• _WHAT IS REQUIRED_:
Please output exactly the lines from the one that holds "Ristos Original Brand" through the final line of the data, and nothing else; leave out any pictures.

• _PROVIDED MATERIAL_:

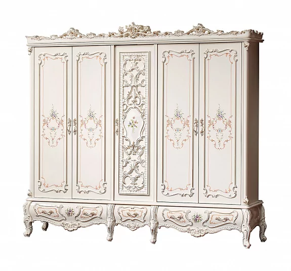 Шкаф 5 дверный "Шанель" - настоящий шедевр, который украсит ваш дом. Изогнутые фасады, мягкость линий. Образ дополняет флористические узоры.
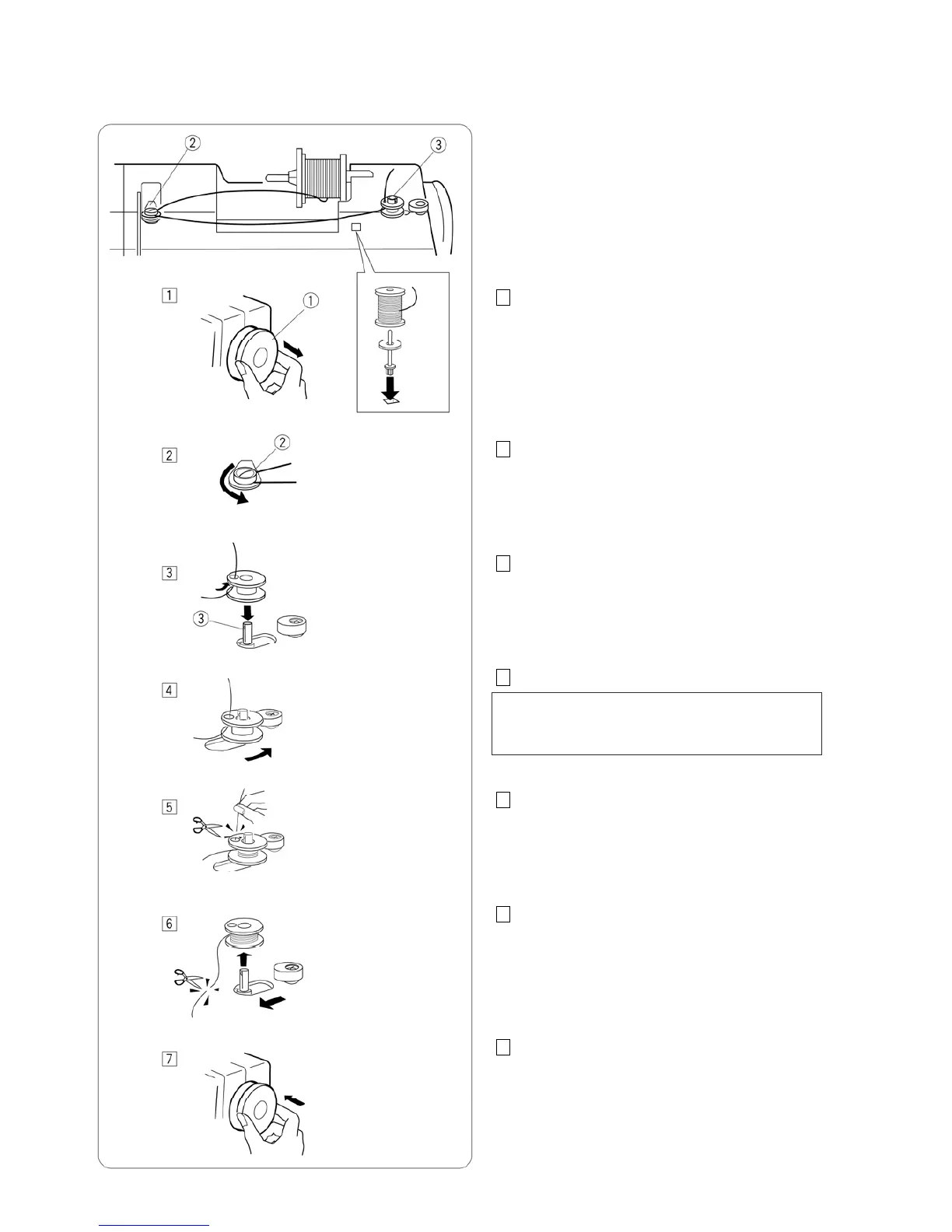 3 Thread through the hole in the bobbin from the inside
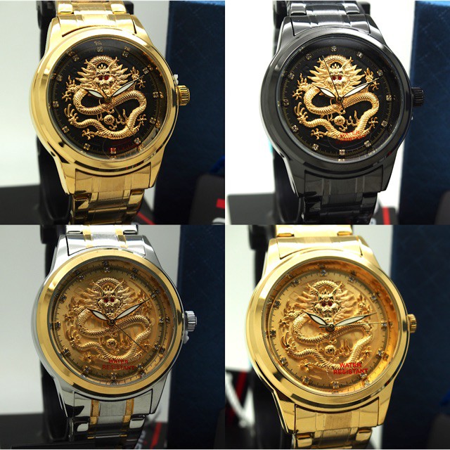 Ristos Original Brand Dragon Series Jam Tangan Lelaki Wanita Perempuan Unisex Naga Emas Gold Murah Shopee Malaysia
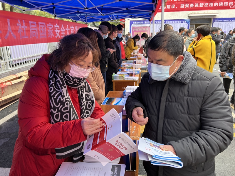 活动现场县总工会发放《农民工返岗须知》、《农民工进城务工读本》、《农民工工资支付条例、办法》、《女职工特殊权益保护条例》等宣传资料1000余份。
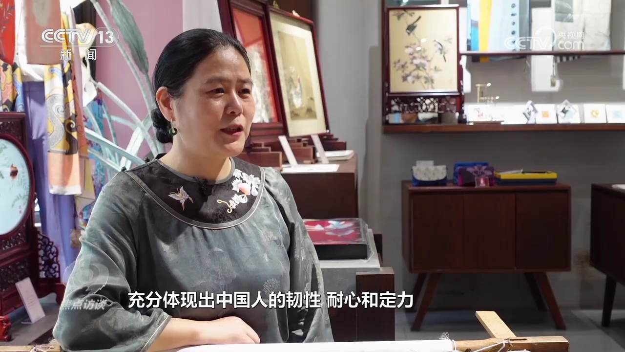 盧建英:“當(dāng)時(shí)我在繡一幅《桃花太平鳥(niǎo)圖》,習(xí)近平總書(shū)記走到了我的繃架前。他說(shuō)你好,很親切,很和藹,看得非常仔細(xì)。他說(shuō)中華文化的傳承力有多強(qiáng),通過(guò)這個(gè)蘇繡可以看出來(lái),像這樣的功夫充分體現(xiàn)出中國(guó)人的韌性、耐心和定力,這是中華民族精神的一部分,能得到總書(shū)記的認(rèn)可,真的是倍感榮耀。”
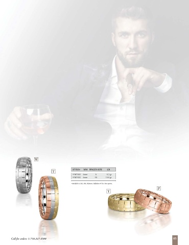 W T STYLE# MM FINGER SIZE GR HM7002 6mm 6 8.3 gr HM7002 6mm 10 10.0 gr • Available in 14K, 18K, Platinum, Palladium & Two-Tone options. P Y Call for orders: 1-718-247-4500 05
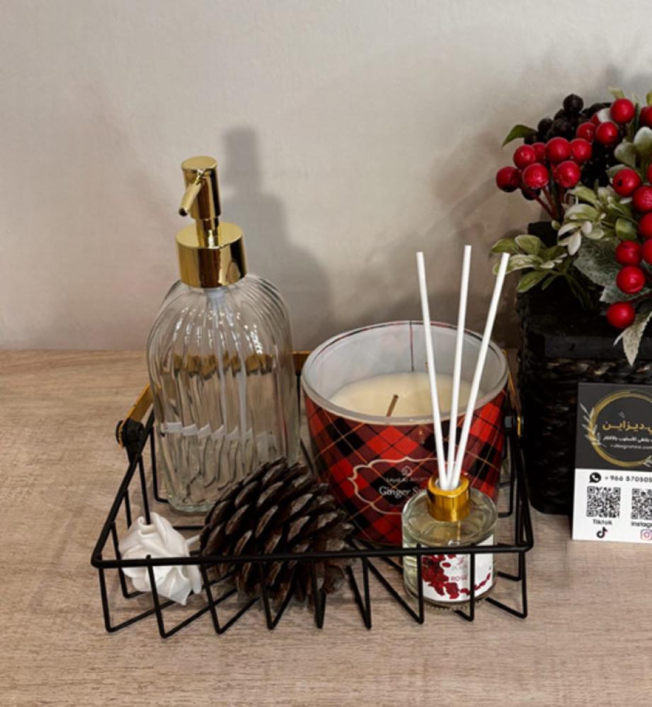 هذا الحامل شفاف بغطاء ذهبي. يُستخدم لوضع الصابون السائل.
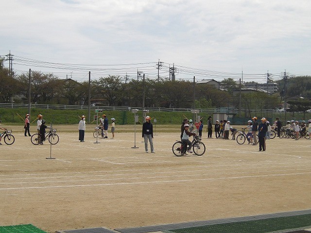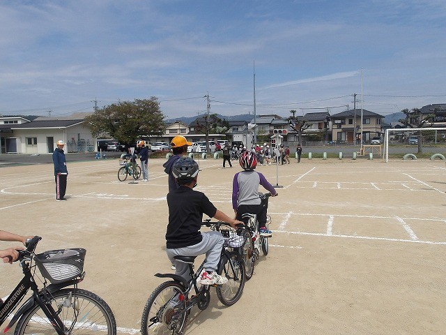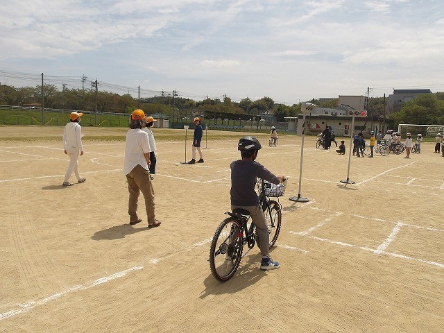 4年生は、自転車の乗り方です。ヘルメットをかぶって乗ること、停止の仕方や交差点の曲がり方など、実際に自転車に乗りながら勉強していました。

• _SOLUTION TO THIS PROBLEM_:
 Ristos Original Brand Dragon Series Jam Tangan Lelaki Wanita Perempuan Unisex Naga Emas Gold Murah Shopee Malaysia
 活动现场县总工会发放《农民工返岗须知》、《农民工进城务工读本》、《农民工工资支付条例、办法》、《女职工特殊权益保护条例》等宣传资料1000余份。
 盧建英:“當(dāng)時(shí)我在繡一幅《桃花太平鳥(niǎo)圖》,習(xí)近平總書(shū)記走到了我的繃架前。他說(shuō)你好,很親切,很和藹,看得非常仔細(xì)。他說(shuō)中華文化的傳承力有多強(qiáng),通過(guò)這個(gè)蘇繡可以看出來(lái),像這樣的功夫充分體現(xiàn)出中國(guó)人的韌性、耐心和定力,這是中華民族精神的一部分,能得到總書(shū)記的認(rèn)可,真的是倍感榮耀。”
 W T STYLE# MM FINGER SIZE GR HM7002 6mm 6 8.3 gr HM7002 6mm 10 10.0 gr • Available in 14K, 18K, Platinum, Palladium & Two-Tone options. P Y Call for orders: 1-718-247-4500 05
 هذا الحامل شفاف بغطاء ذهبي. يُستخدم لوضع الصابون السائل.
 4年生は、自転車の乗り方です。ヘルメットをかぶって乗ること、停止の仕方や交差点の曲がり方など、実際に自転車に乗りながら勉強していました。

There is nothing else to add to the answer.